Evolution and functional significance of derived sternal ossification patterns in ornithothoracine birds.
While it was thought that sternal ossification patterns were distinct between Enantiornithine (extinct Mesozoic avialans with teeth and clawed fingers on each wing) and Ornithodira (containing birds, nonavian dinosaurs and pterosaurs), our detailed comparisons find more similarities than were previously recognized. Based upon what is known about molecular mechanisms for morphogenesis, the parallel shifts to midline ossification appear to be related to the development of a large ventral keel, which is only present in these two lineages. Midline ossification can serve to medially reinforce the sternum at a relatively early ontogenetic stage, which would have been especially beneficial during the protracted development of the Cretaceous enantiornthines.
The midline pattern of sternal ossification characteristic of the Cretaceous enantiornithine birds is unique among the Ornithodira, the group containing birds, nonavian dinosaurs and pterosaurs. This has been suggested to indicate that Enantiornithes is not the sister group of Ornithuromorpha, the clade that includes living birds and their close relatives, which would imply rampant convergence in many nonsternal features between enantiornithines and ornithuromorphs. However, detailed comparisons reveal greater similarity between neornithine (i.e. crown group bird) and enantiornithine modes of sternal ossification than previously recognized. Furthermore, a new subadult enantiornithine specimen demonstrates that sternal ossification followed a more typically ornithodiran pattern in basal members of the clade. This new specimen, referable to the Pengornithidae, indicates that the unique ossification pattern observed in other juvenile enantiornithines is derived within Enantiornithes. A similar but clearly distinct pattern appears to have evolved in parallel in the ornithuromorph lineage. The atypical mode of sternal ossification in some derived enantiornithines should be regarded as an autapomorphic condition rather than an indication that enantiornithines are not close relatives of ornithuromorphs.

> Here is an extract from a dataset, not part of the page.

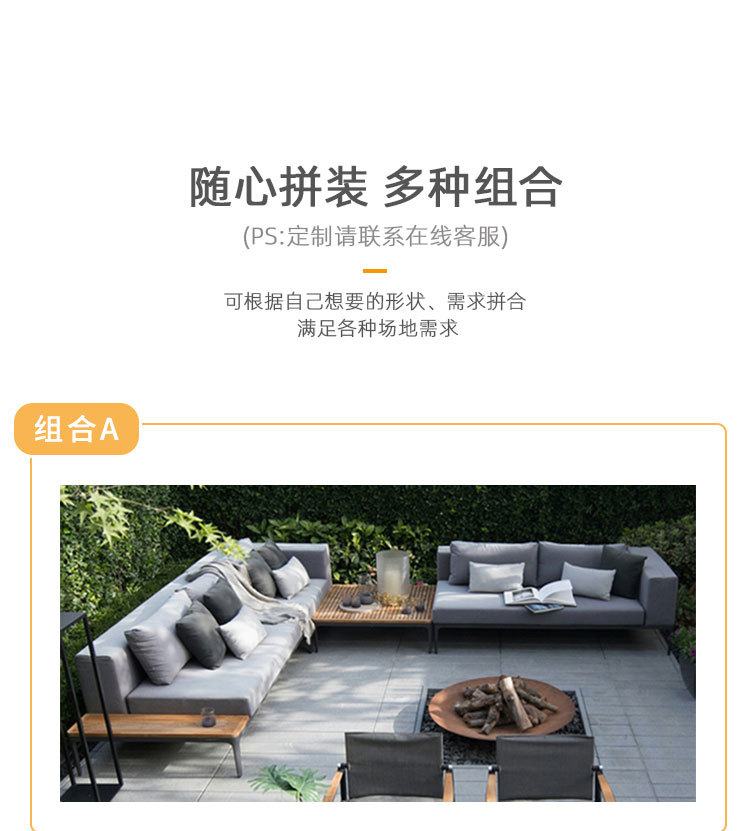 Muebles de exterior al aire libre combinación de sofá de ocio al aire libre patio balcón villa jardín madera maciza combinación de sofá de esquina
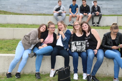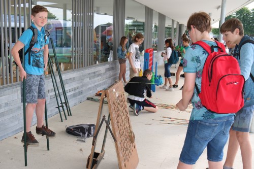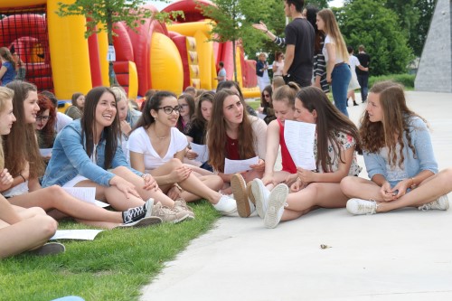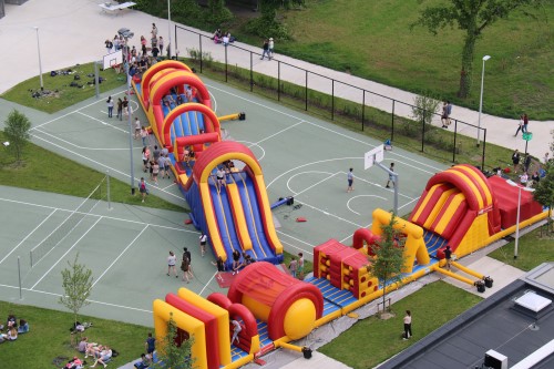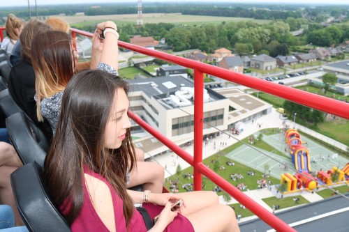Het schoolterrein leek een beetje op een festivalweide. Er klonk muziek, er waren dj’s en er werd gezongen. En de leerlingen zaten in groepjes op het gras te genieten in de zon. De campus had ook iets van een grote speeltuin met twee stormbanen en nog allerlei andere volksspelen. En sommige leerlingen waanden zich in een pretpark toen ze met de ‘sky watch’ de lucht ingingen.

Based on what is known about molecular mechanisms for morphogenesis and the possible selective advantages, the parallel shifts to midline ossification that took place in derived enantiornithines and living neognathous birds appear to have been related to the development of a large ventral keel, which is only present in ornithuromorphs and enantiornithines. Midline ossification can serve to medially reinforce the sternum at a relatively early ontogenetic stage, which would have been especially beneficial during the protracted development of the superprecocial Cretaceous enantiornithines.